A complete, end-to-end implementation of a Native Multimodal Model built with JAX/Flax, featuring a high-performance training pipeline and a modern React-based chat interface.
This project provides a full-stack solution for training and interacting with multimodal large language models. Unlike traditional modular approaches, this repository focuses on native multimodal integration, where images and text are processed within a unified architecture.
- JAX-Powered Backend: Extreme performance and scalability using JAX and Flax/Linen.
- Full Pipeline: Includes scripts for tokenizer training, data preparation (LLaVA), pretraining, and Supervised Fine-Tuning (SFT).
- Native Multimodal: Unified processing of text and image data.
- Modern Chat UI: A sleek, responsive frontend built with React, Vite, and TailwindCSS for real-time interaction.
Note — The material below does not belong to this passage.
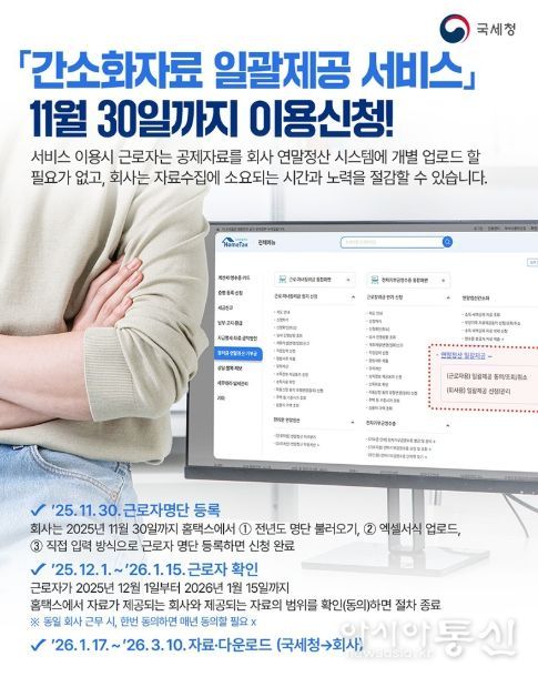 [아시아통신] 「간소화자료 일괄제공 서비스」 11월 30일까지 이용신청!

The repository is organized into two main components:
| Component | Description |
|---|---|
native-mm/ |
The core machine learning codebase (JAX models, training scripts, data loaders). |
chat-ui/ |
The React-based frontend application for interacting with the model. |
cd native-mm
uv venv
uv pip install .Refer to the native-mm documentation for detailed steps on:
- Training your own tokenizer.
- Preparing the LLaVA dataset.
- Running Pretraining & SFT.
- Starting the Chat Server.
cd chat-ui
npm install
npm run devThe UI will be available at http://localhost:5173. Make sure the backend server (from native-mm) is running to enable chat functionality.